Table 5: Results for the year 2020

Source: Authors’ own elaboration

According to Table 5, in 2020 the company posted a negative net result, a direct consequence of the adverse impact of the COVID-19 pandemic, with a reduction in production activity, the adoption of lay-off measures and the partial discontinuation of operations. Production was partially maintained in order to ensure employment and the operational minimum, although at a loss as a result of maintaining a large part of the fixed costs.

Discussions

The use of variable costing made it possible to determine unit costs, allowing us to understand profitability by product (Horngren et al., 2020). In 2020, the majority of Type I products had negative contribution margins, indicating sales prices that were insufficient to cover total variable costs. This result compromised operating profitability and reinforced the relevance of CVP analysis as a strategic decision support tool, particularly when defining the production mix and pricing policy (Drury, 2018; Kaplan & Atkinson, 2015).

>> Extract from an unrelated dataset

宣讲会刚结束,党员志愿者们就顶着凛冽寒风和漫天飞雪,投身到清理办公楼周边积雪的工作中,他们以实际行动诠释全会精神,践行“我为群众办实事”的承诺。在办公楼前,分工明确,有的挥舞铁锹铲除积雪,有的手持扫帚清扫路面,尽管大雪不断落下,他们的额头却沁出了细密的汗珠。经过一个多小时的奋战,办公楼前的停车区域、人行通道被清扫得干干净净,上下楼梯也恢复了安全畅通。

The adverse situation caused by the COVID-19 pandemic had a direct impact on the company’s financial performance, which recorded a negative net result. The partial maintenance of the activity, although loss-making, had a strategic purpose: to preserve operational continuity and protect human resources (Fernandes, 2021; Oliveira & Martins, 2022). However, the rigidity of the fixed cost structure, resulting from previous investments, made it difficult to adapt to the new economic context, amplifying the negative effects on profitability (Santos & Santos, 2014; Costa et al., 2021).

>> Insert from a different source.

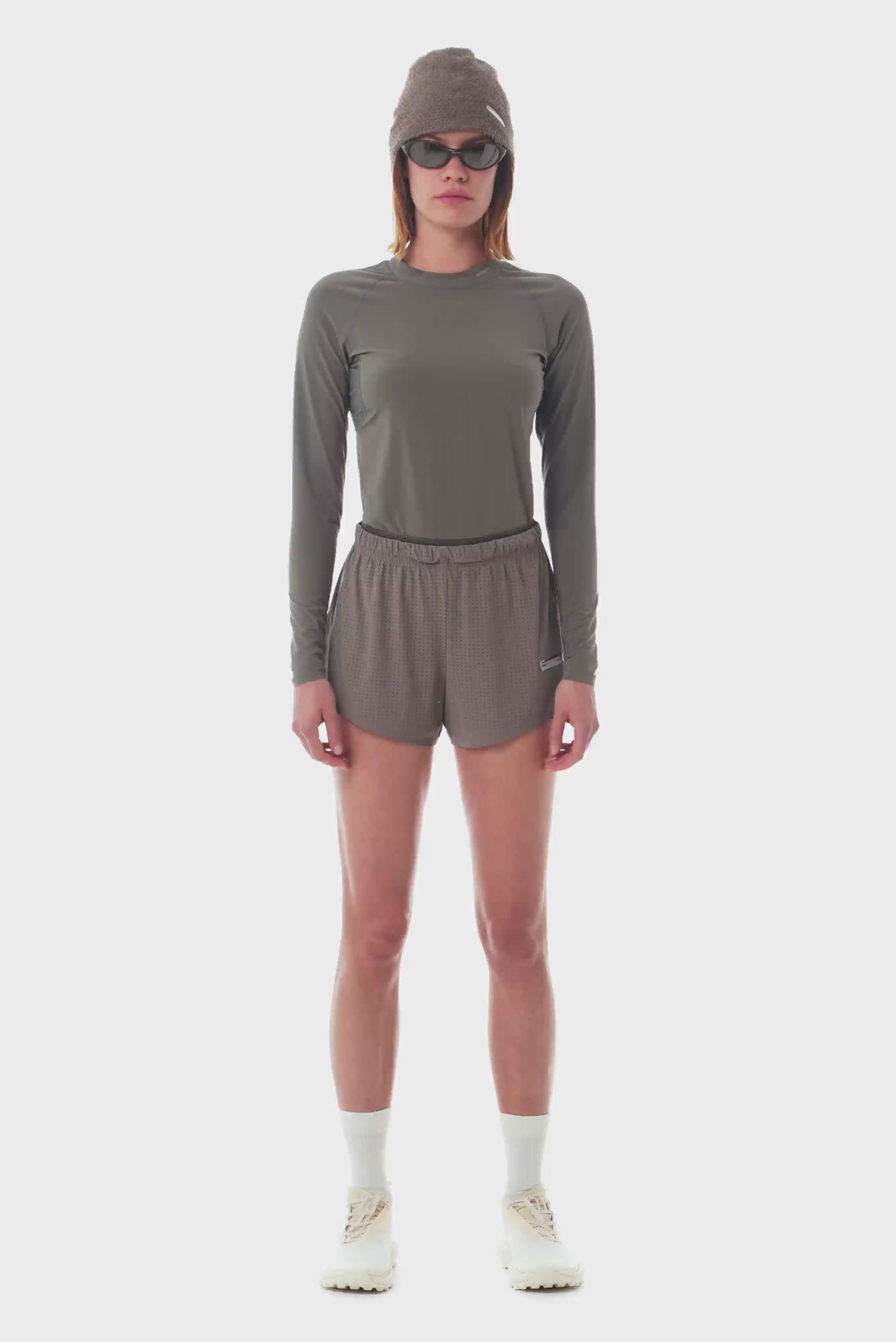 A high-stretch, coffee-charcoal infused fabric from Italy that balances heat retention and breathability. The woven multidimensional structure traps warmth while allowing vapor to escape. Naturally antibacterial and odor-resistant, it keeps its integrity through effort, time, and distance.

In addition, the results show the importance of integrated and technologically supported costing and control systems, especially in complex production environments. The adoption of tools such as CVP analysis is crucial to improving the quality of management information and supporting informed decisions in contexts of high uncertainty (Blocher et al., 2021; Fadzil et al., 2023). The experience analysed thus demonstrates the decisive role of management accounting in promoting efficiency, financial sustainability and strengthening the strategic capacity of organizations.

Conclusions

This research used the case study method in an inflatables production company to assess how the use of a management control tool can support management decisions. Among the management tools suggested at the company, CVP analysis stood out, which allowed a detailed analysis of production costs, sales volume and results for the pandemic year 2020. The study made it possible to understand how the company’s planning and cost control is carried out and how the CVP management tool can help with strategic decision-making. Through this analysis, carried out in the year in question, a negative result was observed, as a result of Covid-19, which affected the company’s activity on a large scale.

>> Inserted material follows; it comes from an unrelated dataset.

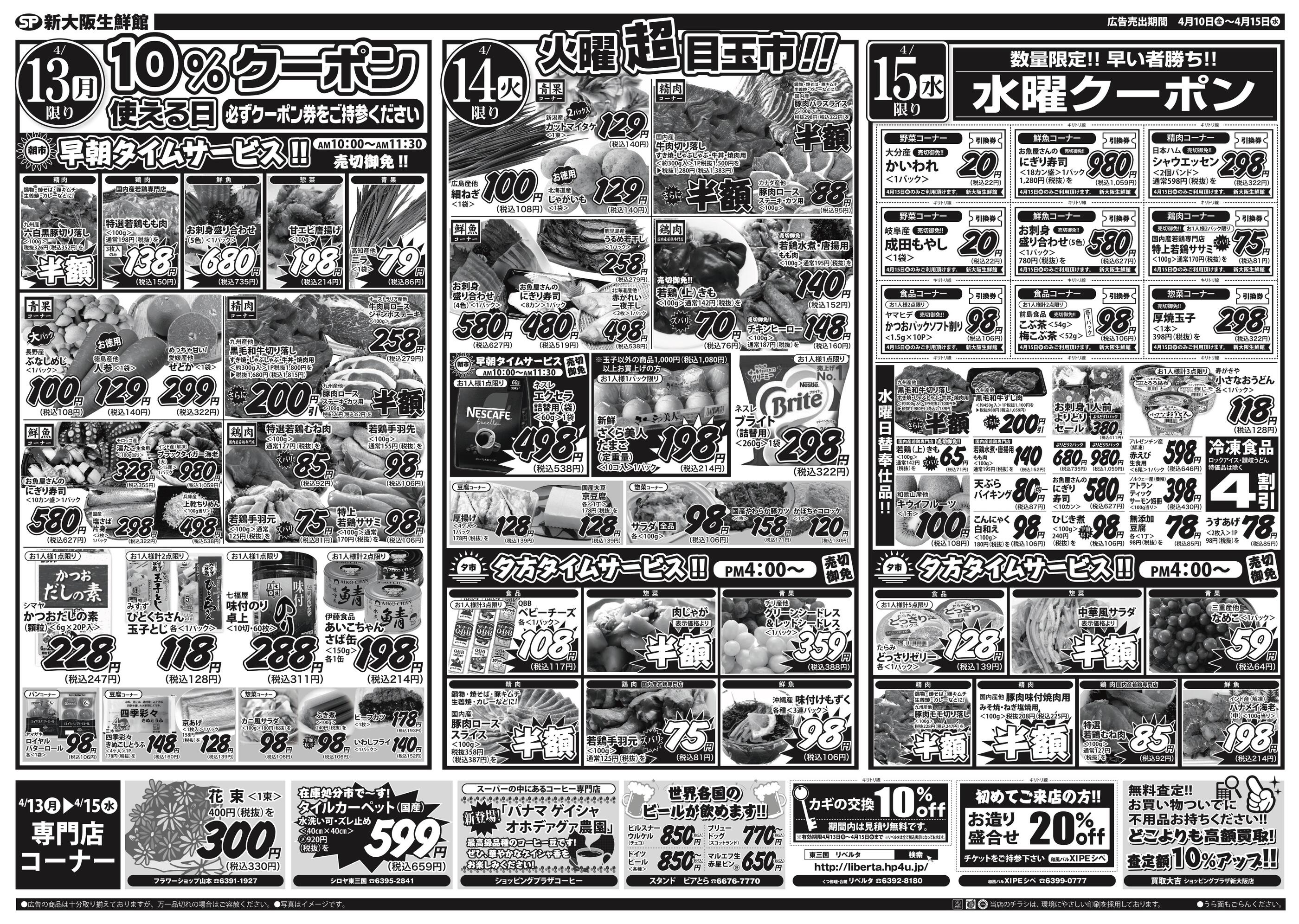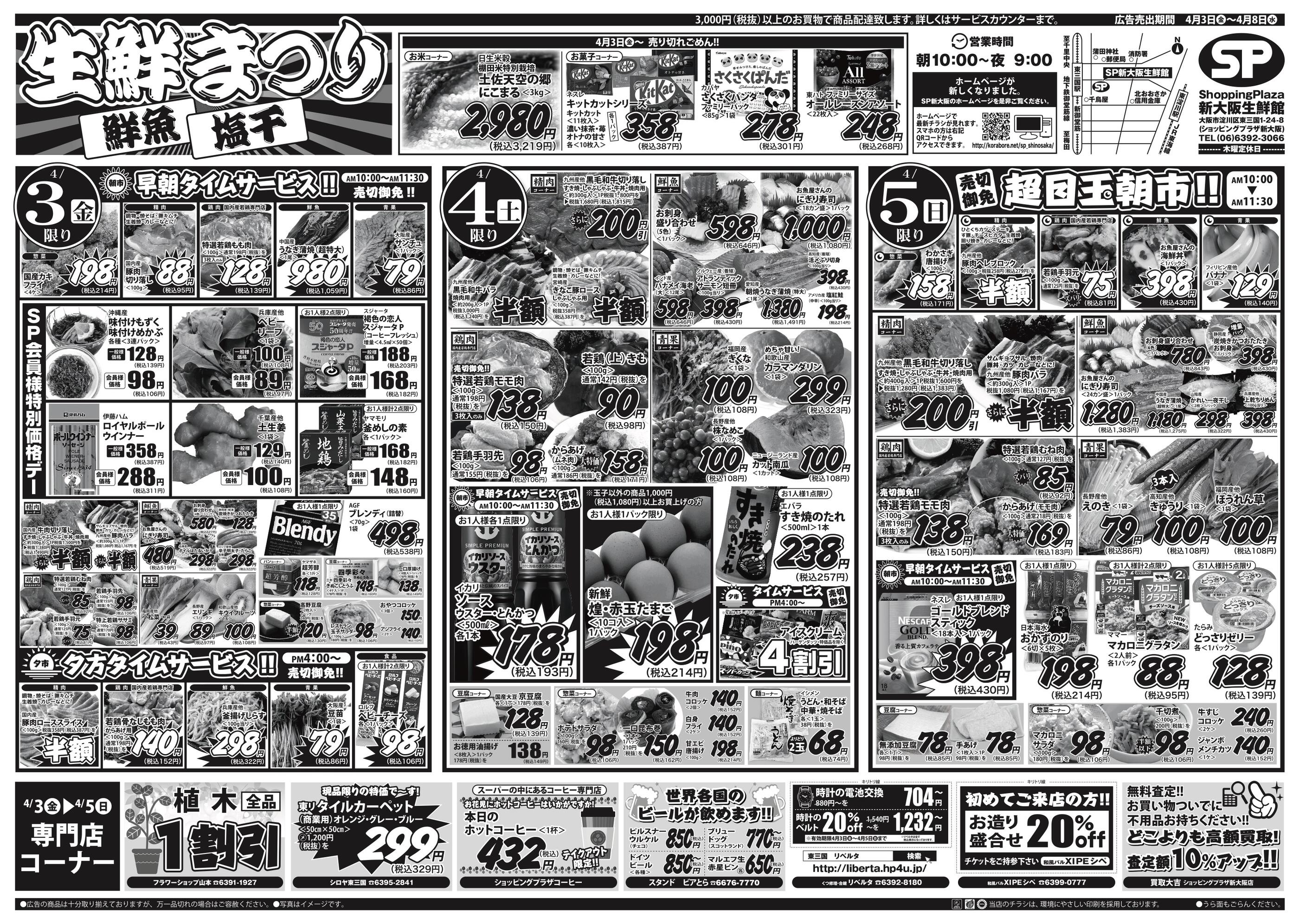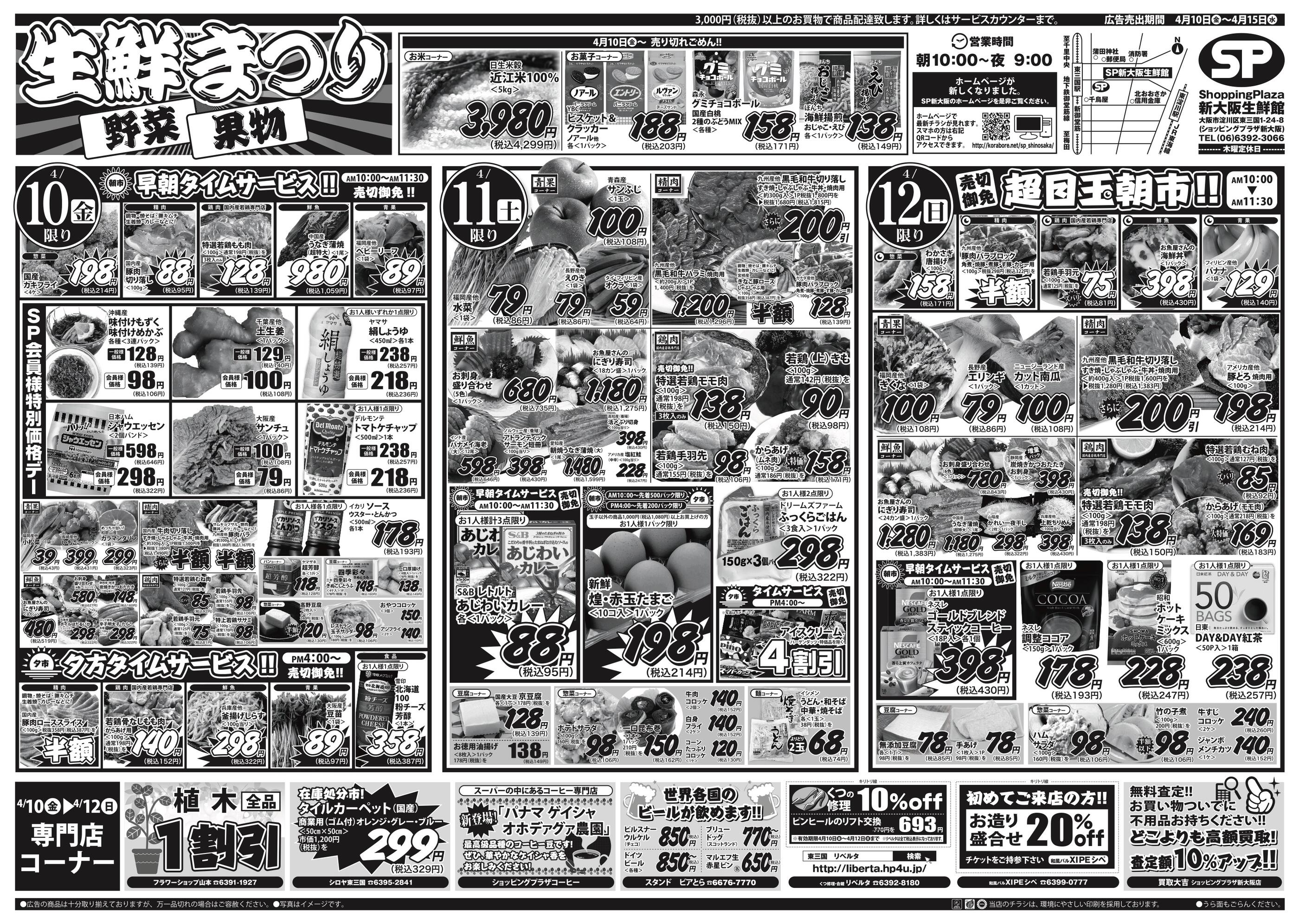ショッピングプラザ新大阪生鮮館今週のチラシ(2026年4月6日〜4月12日)

The fact that this study is a qualitative investigation applied to a single company, in a specific period associated with a pandemic context, very much focused on production costs, can be pointed out as the main limitation of this work. Another limitation was the fact that only one company manager was interviewed. Some ideas are suggested for future scientific research on the subject covered in this study. One recommendation would be to re-run the CVP analysis over a different period to see if there have been any improvements, which ones and in what respects. Finally, a more comprehensive study is recommended, comparing the company’s situation with other industries in the same sector of activity, specifically in the same area, inflatables.